Пфайль встал и принялся расхаживать по комнате.
– Даже Иисус, – продолжал барон, – не занимался организаторской деятельностью. Он подал пример. А у госпожи Рюкстина и ее товарок хватает наглости воображать себя организаторами. Организовывать дозволено лишь природе и мировому духу… Мое государство утверждено навеки, оно не нуждается в организации. Будь иначе, оно лишилось бы цели.
– Но ведь когда-нибудь твое государство, если у него есть цель, должно будет объединить многих. Где же ты возьмешь подданных, дорогой Пфайль?
– Пойми же, если кого-то одного осеняет идея, это лишь означает, что одновременно этой же идеей захвачены многие. Кто этого не понимает, тот вообще не знает, как живет мысль. Идеи заразительны, даже если не произносятся вслух, а может, именно поэтому они так летучи. Я твердо убежден, пока мы с тобой разговариваем, мое государство пополнило множество граждан, и в конце концов оно станет глобальным… Сейчас гигиена хоть куда… дезинфицируют даже дверные ручки, чтобы не подхватить какую-нибудь болезнь. Но уверяю тебя, есть зараза и пострашнее, к примеру, расовая и национальная вражда, разносимая пламенными трибунами и кликушами. Тут нужны более сильные дезинфицирующие средства, чем для обработки дверных ручек.
– Значит, ты намереваешься искоренить национализм?
– Не мое это дело – выпалывать в чужих огородах то, что не умирает само собой.

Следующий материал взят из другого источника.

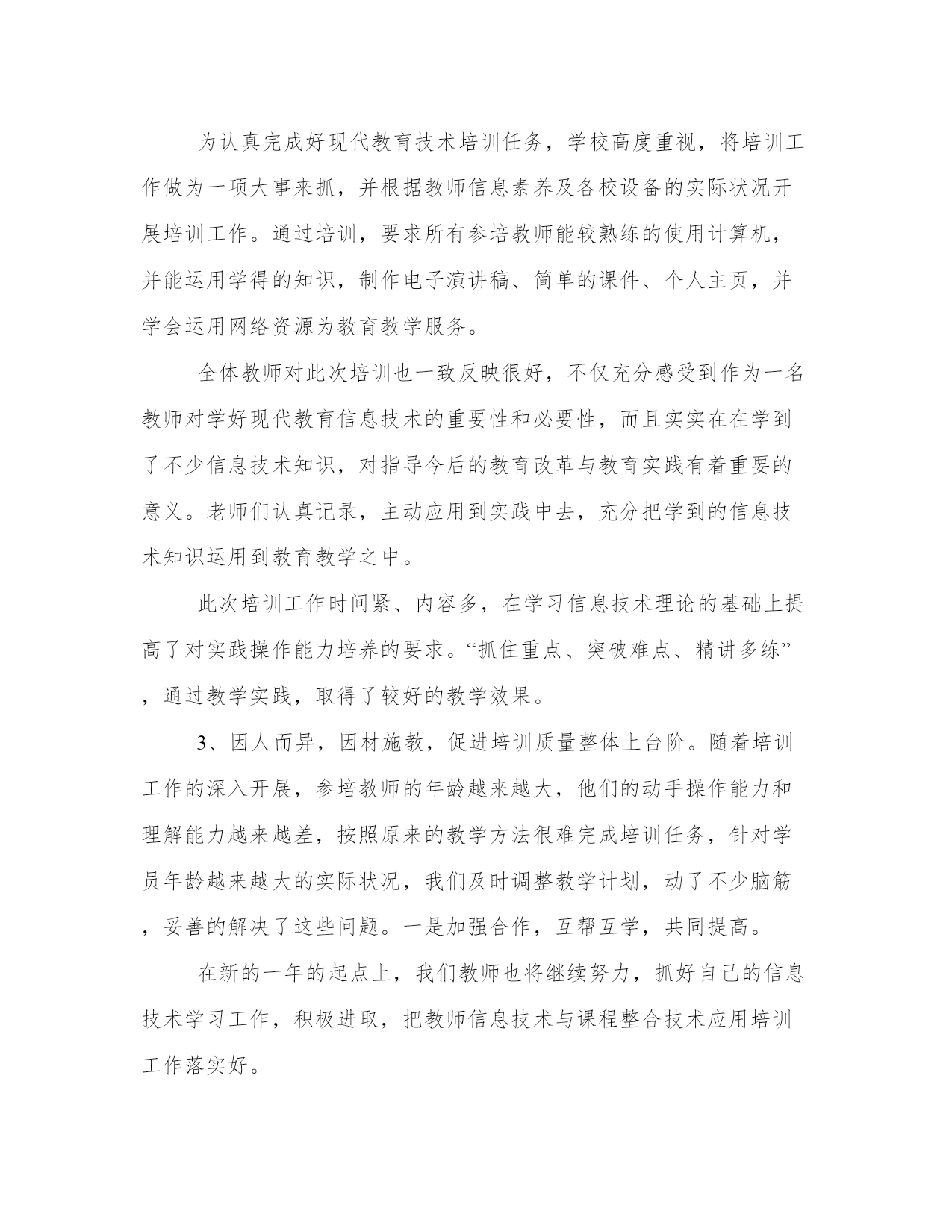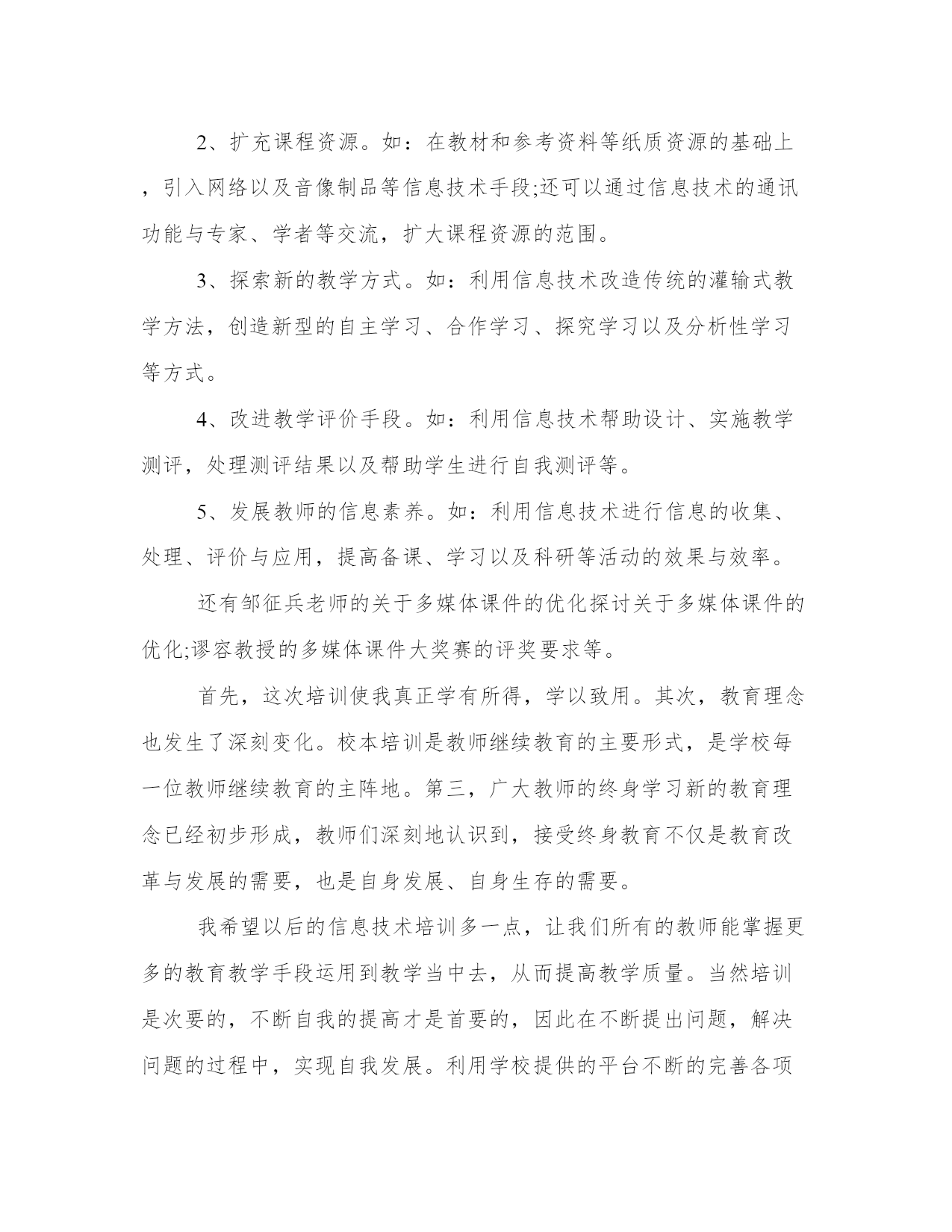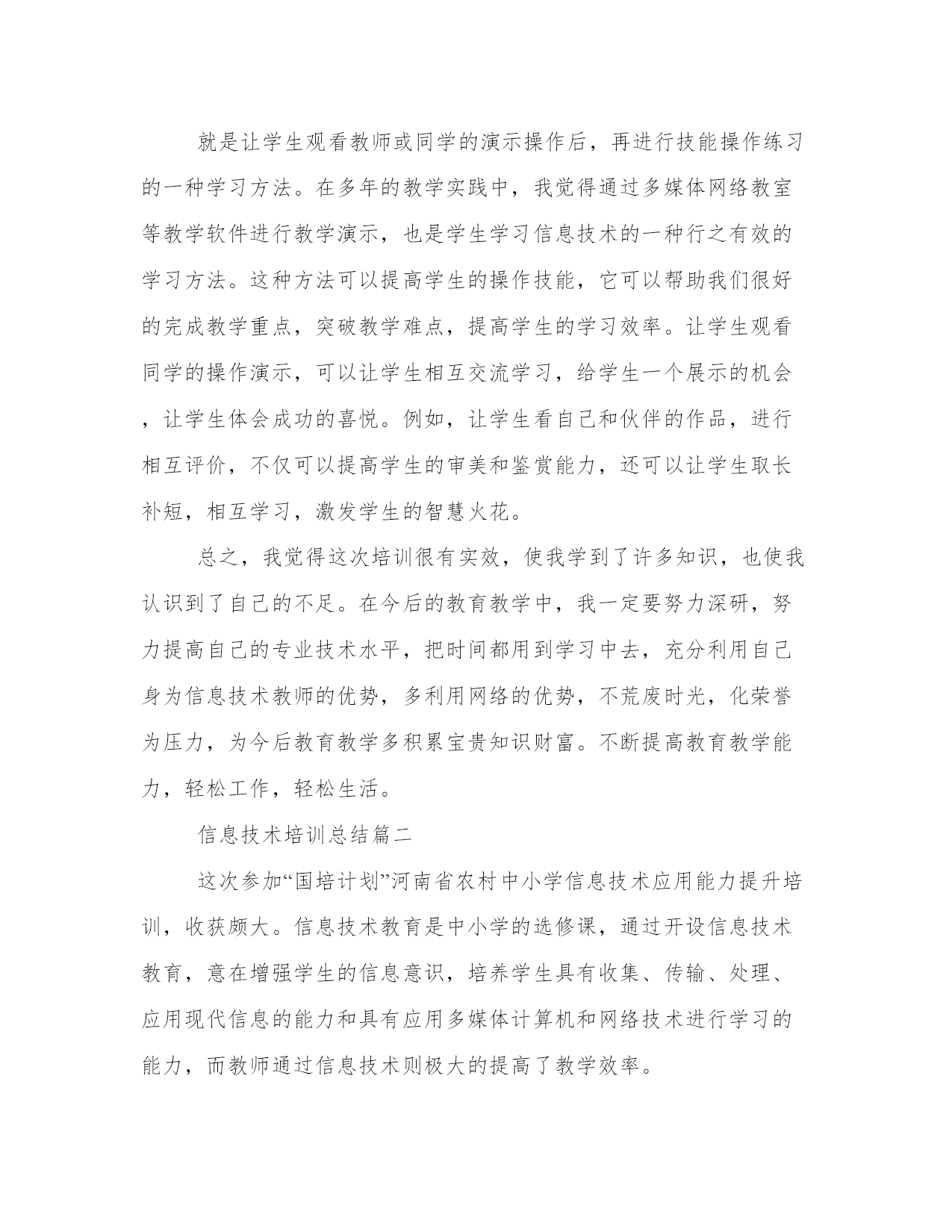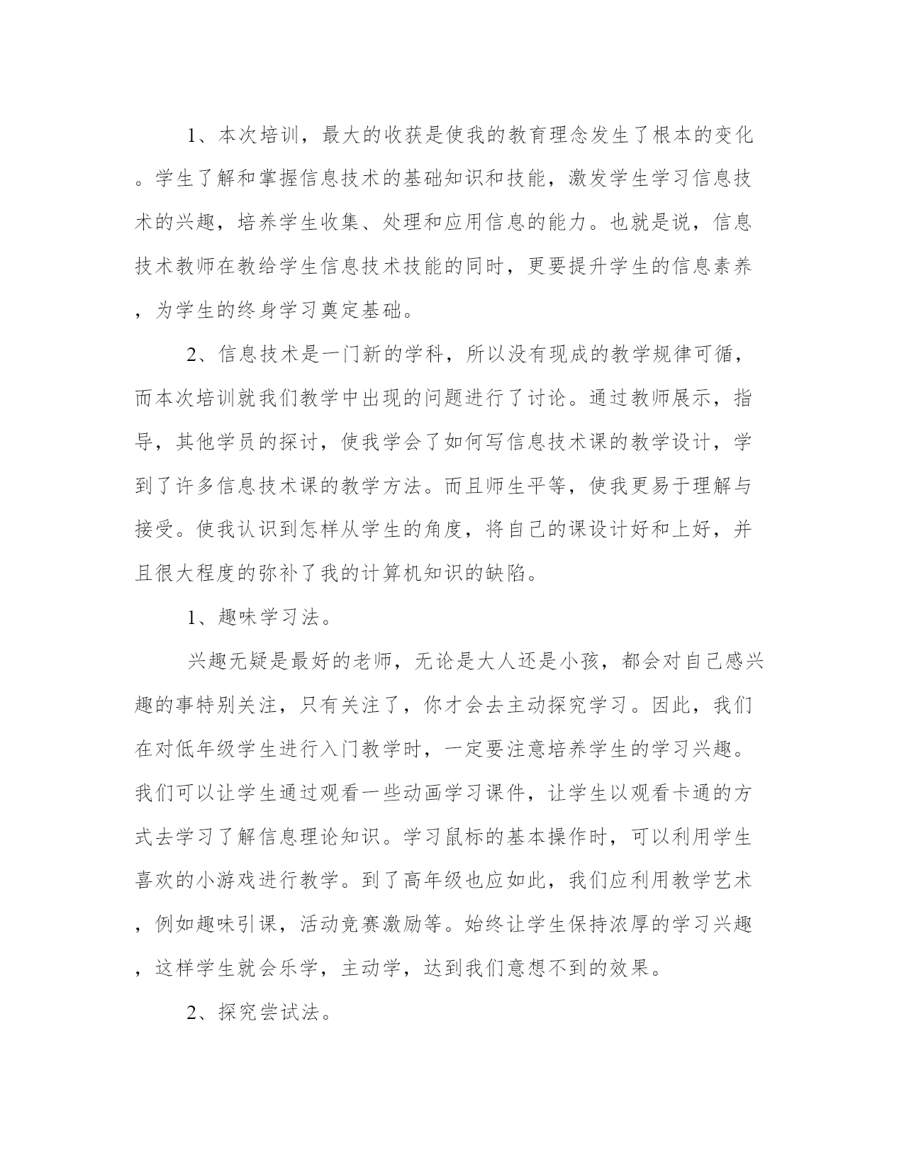 最新信息技术培训总结(模板19篇)总结可以帮助我们发现自己的潜力和不足,为个人发展提供指导。总结中要注重用词准确,避免模棱两可或含糊不清的表达方式。这些总结范文从不同的角度和层面出发,可以帮助我们更好地理解总结的重要性和作用。信息技术培训总结篇一这次暑假教育局对我们信息技术全体教师进行信息技术培训,使我受益匪浅,使我深刻的认识到,在二十一世纪的今天,以计算机和网络技术为核心的现代技术正飞速的发展,越来越深刻的改变我们的学习方式。信息的获取、分析、处理、应用的能力将作为现代人最基本的能力和素质的标志,随着素质教育的不断深化,对教师的要求也不断提高,只有教师的素质高,才能培养出高素质的学生,为了适应工作的需要,教师要不断的学习、不断的提高,以适应当今教育形势需要。从小培养学生掌握和应用现代信息技术,是信息社会对人才的基本要求,也是增强综合国力的一个重要组成部分,对于教师而言,运用现代教学技术进行多媒体教学是现代教育的一大趋势。信息技术教育培训给我带来了一次与现代技术接触的机会。一直认为信息技术就是教给学生计算机知识,通过这次培训才知道计算机技术只是信息技术的一部分,计算机只是我们获取信息最有效的工具。1、本次培训,最大的收获是使我的教育理念发生了根本的变化。学生了解和掌握信息技术的基础知识和技能,激发学生学习信息技术的兴趣,培养学生收集、处理和应用信息的能力。也就是说,信息技术教师在教给学生信息技术技能的同时,更要提升学生的信息素养,为学生的终身学习奠定基础。2、信息技术是一门新的学科,所以没有现成的教学规律可循,而本次培训就我们教学中出现的问题进行了讨论。通过教师展示,指导,其他学员的探讨,使我学会了如何写信息技术课的教学设计,学到了许多信息技术课的教学方法。而且师生平等,使我更易于理解与接受。使我认识到怎样从学生的角度,将自己的课设计好和上好,并且很大程度的弥补了我的计算机知识的缺陷。1、趣味学习法。兴趣无疑是最好的老师,无论是大人还是小孩,都会对自己感兴趣的事特别关注,只有关注了,你才会去主动探究学习。因此,我们在对低年级学生进行入门教学时,一定要注意培养学生的学习兴趣。我们可以让学生通过观看一些动画学习课件,让学生以观看卡通的方式去学习了解信息理论知识。学习鼠标的基本操作时,可以利用学生喜欢的小游戏进行教学。到了高年级也应如此,我们应利用教学艺术,例如趣味引课,活动竞赛激励等。始终让学生保持浓厚的学习兴趣,这样学生就会乐学,主动学,达到我们意想不到的效果。2、探究尝试法。信息技术是一门操作性较强的课程,课堂上讲半天,只看不练,不如让学生上机操作几分钟。相信对这一点,我们从事多年信息技术课教学的老师一定身有感触。对于操作系统和一些教学软件的操作小技巧和小常识,内容繁杂,达到同一种目的的方法往往不是唯一的,有多种方法,因此你不可能把每一种技巧和方法都教给学生。因此我主张,平时要教育学生,告诉他们,只要你上课时,除了不要用力敲击键盘、鼠标和不正常关机,不造成计算机硬件损坏外,在听清楚老师的讲解和要求后,你可以大胆探索、尝试操作。在实践教学的课堂中,我发现学生的这种学习方法,是最行之有效的。给同学们更多的自由空间,它可以让学生充分发挥自己的聪明才智,让学生自己学到很多课本中没有讲到的东西,甚至有些时候我们也会跟着学生学到意想不到的知识和技能。3、合作学习主题活动法。信息技术课不仅仅只是为了学习信息技术操作,往往是围绕着一个活动主题,在完成主题的过程中,去学习一定的信息知识与技能,提高学生的信息素养。合作学习主题活动法,不仅体现学科之间的整合,使学习活动生动有趣。学生在活动中不知不觉地完成了学习的内容,掌握了信息技能,还学会了与同学进行合作与交流,发展了学生的综合素质,提高了学生的多方面能力。4、观看演示讲练结合学习法。就是让学生观看教师或同学的演示操作后,再进行技能操作练习的一种学习方法。在多年的教学实践中,我觉得通过多媒体网络教室等教学软件进行教学演示,也是学生学习信息技术的一种行之有效的学习方法。这种方法可以提高学生的操作技能,它可以帮助我们很好的完成教学重点,突破教学难点,提高学生的学习效率。让学生观看同学的操作演示,可以让学生相互交流学习,给学生一个展示的机会,让学生体会成功的喜悦。例如,让学生看自己和伙伴的作品,进行相互评价,不仅可以提高学生的审美和鉴赏能力,还可以让学生取长补短,相互学习,激发学生的智慧火花。总之,我觉得这次培训很有实效,使我学到了许多知识,也使我认识到了自己的不足。在今后的教育教学中,我一定要努力深研,努力提高自己的专业技术水平,把时间都用到学习中去,充分利用自己身为信息技术教师的优势,多利用网络的优势,不荒废时光,化荣誉为压力,为今后教育教学多积累宝贵知识财富。不断提

В своем собственном я волен делать все, что вздумается. Многие считают национализм неизбежным явлением, пусть так, но пришло время такого «государства», граждане которого объединены не территорией в определенных границах и не общим языком, а образом мыслей и могут жить, как им хочется… В известном смысле правы те, кто смеется над чудаком, заявляющим о своих планах переделать человечество. Только им невдомек, что вполне довольно того, что хоть один человек коренным образом пересоздал себя. И если это удается, его усилия не пропадут даром, независимо от того, узнает о них общество или нет. Представь себе, что кто-то проделал дырочку в картине существующего бытия – она уже не зарастет, и не имеет значения, заметят ли ее сегодня или через миллионы лет. Однажды возникшее исчезает лишь иллюзорно. Поэтому разорвать сеть, в которой запуталось человечество, но не публичными проповедями, а усилием рук, разрывающих оковы, – вот чего я хочу.
– Видишь ли ты какую-нибудь причинную связь между стихийными катастрофами, которых, по-твоему, следует ожидать, и предполагаемой переменой в умах? – спросил Хаубериссер.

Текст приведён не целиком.